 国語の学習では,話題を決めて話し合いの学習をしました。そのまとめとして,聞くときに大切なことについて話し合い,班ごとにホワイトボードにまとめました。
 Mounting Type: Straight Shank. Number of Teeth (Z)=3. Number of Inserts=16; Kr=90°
* * *
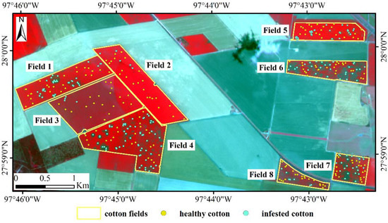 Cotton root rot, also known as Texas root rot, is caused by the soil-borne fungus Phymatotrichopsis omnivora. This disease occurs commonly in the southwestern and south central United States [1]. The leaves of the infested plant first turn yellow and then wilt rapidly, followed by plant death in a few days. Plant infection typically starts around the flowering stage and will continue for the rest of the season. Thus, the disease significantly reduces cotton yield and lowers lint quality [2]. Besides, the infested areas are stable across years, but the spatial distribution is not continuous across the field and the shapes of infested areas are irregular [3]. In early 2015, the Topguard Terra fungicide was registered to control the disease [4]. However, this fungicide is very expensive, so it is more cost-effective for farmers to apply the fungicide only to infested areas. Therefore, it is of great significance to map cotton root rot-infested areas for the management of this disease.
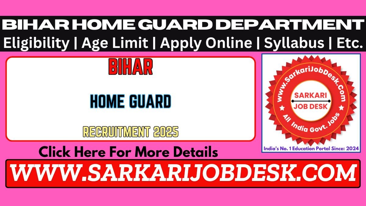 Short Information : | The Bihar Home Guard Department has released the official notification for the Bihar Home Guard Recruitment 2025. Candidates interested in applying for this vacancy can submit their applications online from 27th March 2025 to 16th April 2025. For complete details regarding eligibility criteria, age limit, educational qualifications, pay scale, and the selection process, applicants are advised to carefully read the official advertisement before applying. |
* * *
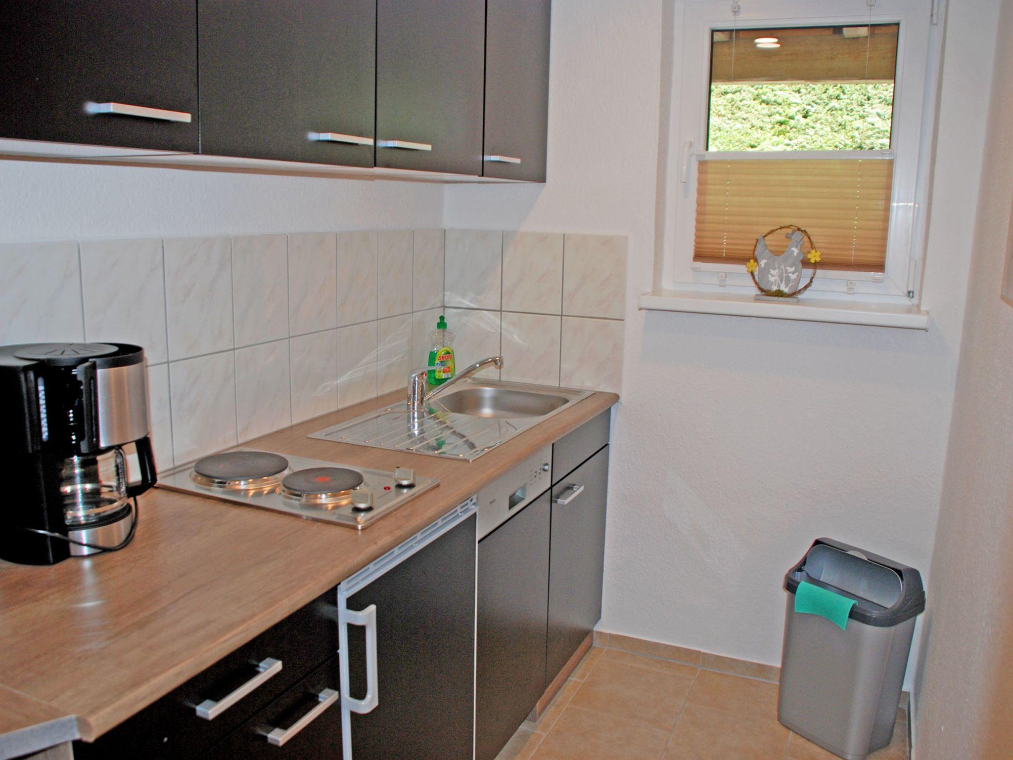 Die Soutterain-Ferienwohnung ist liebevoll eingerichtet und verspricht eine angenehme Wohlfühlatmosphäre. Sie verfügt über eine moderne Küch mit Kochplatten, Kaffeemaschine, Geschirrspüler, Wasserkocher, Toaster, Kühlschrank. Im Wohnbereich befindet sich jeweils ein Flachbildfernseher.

* **Your goal**
Going down the listing above, begin printing at the line with "国語の学習では,話題を決めて" and finish with the line with "Mounting Type: Straight", exactly as they appear.

* **Answer section**
 国語の学習では,話題を決めて話し合いの学習をしました。そのまとめとして,聞くときに大切なことについて話し合い,班ごとにホワイトボードにまとめました。
 Mounting Type: Straight Shank. Number of Teeth (Z)=3. Number of Inserts=16; Kr=90°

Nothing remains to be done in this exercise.